I would strongly advise against further investment in property. You have an investment in your own home.  You have a property in the UK. If property performs well over the next few years, your wealth will increase. 

So you should invest your pension fund and cash in the stock market.  It should provide you with the best long term returns with the least hassle and risk.  It also has the advantage of being liquid. You have ideas of setting up a business.  If your capital is tied up in property you won't be able to access it quickly. If you have a portfolio of shares, you can cash part or all of them immediately. 

Brendan


----------



## Brendan Burgess (21 Jan 2017)

To answer your questions about advisors, a few of them contribute to Askaboutmoney and seem to have a fairly good idea of what they are talking about. They certainly would know all the pension options backwards, which is the key requirement for you. Make sure to get your advice on a fee-only basis so you are free to buy whatever products you wish.

Vincent Digby  from Impartial.ie who has answered your question above.

Steven Barrett from  www.bluewaterfp.ie

Marc  Westlake    from www.globalwealth.ie  

Brendan


----------



## Davederave (22 Jan 2017)

Once again, thanks to all for the feedback.

The posts above have been extremely helpful and have given me a different perspective on how I might move forward. It is clear that I need to discuss my situation with a financial planner. Thank you Brendan for the links in your post.

I will also do some further investigation into property investment. If there is an experienced landlord out there that might be willing to share some experience/advice I would be grateful.

Dave


----------



## mister32 (31 Jan 2017)

Given the entry costs to property would you not consider paying down your existing investment, (keep some debt for tax relief)
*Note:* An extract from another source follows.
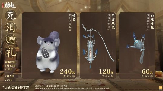 ?1.5倍积分回馈同步开启,1月12日7:00至1月19 日7:00,侠士在全区服消耗通宝购买绑定商品,或购买并实装不绑定商品时,立享150% 积分回馈,积分累积更快,兑换好物更轻松!
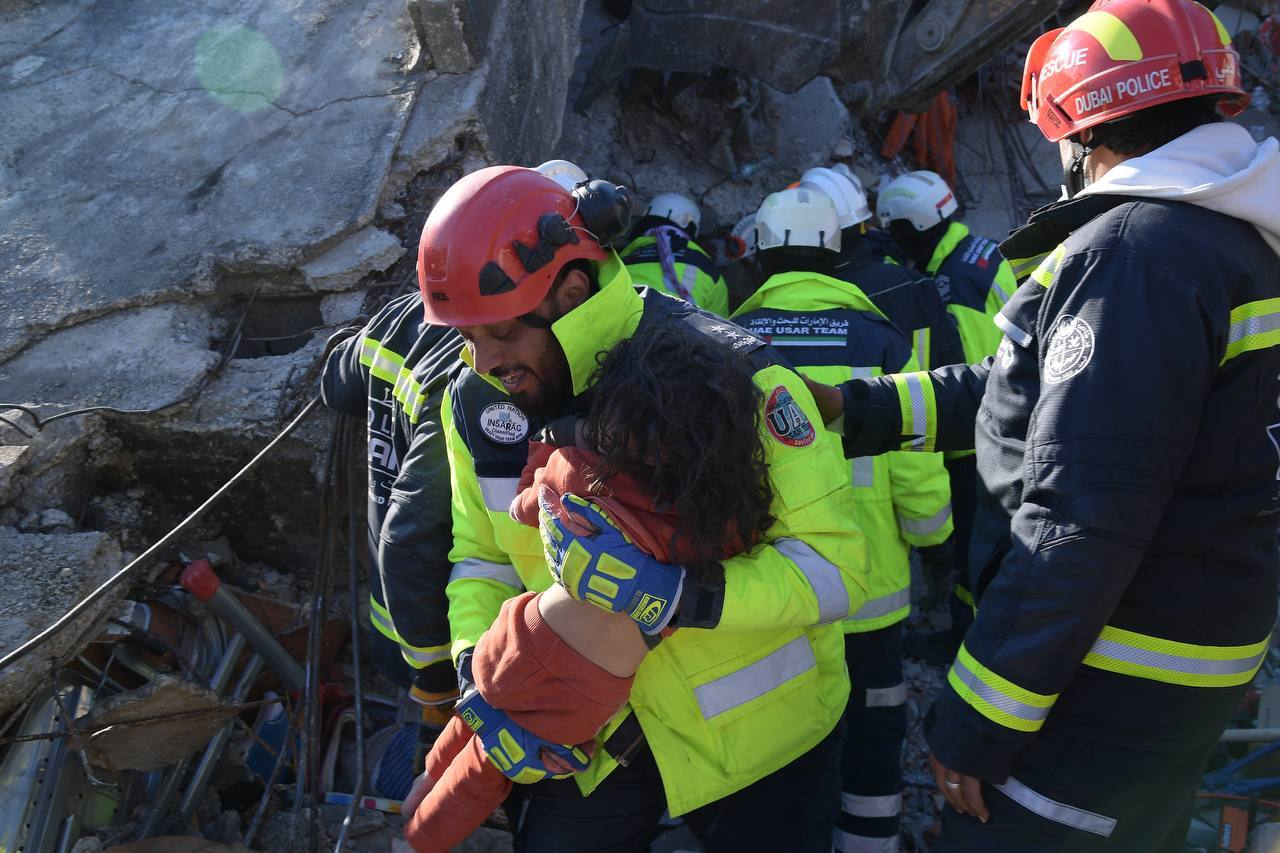 As part of the UAE's 'Gallant Knight/2' operation, the mother, son, and two daughters of a Syrian family were rescued from the ruins of their fallen home by Emirati search and rescue crew after the recent earthquake in Türkiye.

How much of the pension is permitted to access? Is that not restricted?

Finally with time and energy, would you consider buying a franchise?


----------



## Davederave (1 Feb 2017)

Hi Mister32,

Thanks for the comments.



mister32 said:


> Given the entry costs to property would you not consider paying down your existing investment, (keep some debt for tax relief)



I am still evaluating whether to go into property but I feel with 750k available I would have adequate funding.

The mortgage on my investment property is interest only and with interest rates so low there is not much tax benefit. I am paying it down gradually however.



mister32 said:


> How much of the pension is permitted to access? Is that not restricted?



I am working on clarifying this at present.



mister32 said:


> Finally with time and energy, would you consider buying a franchise?



Yes, is the short answer. Looking at this also.

Dave


----------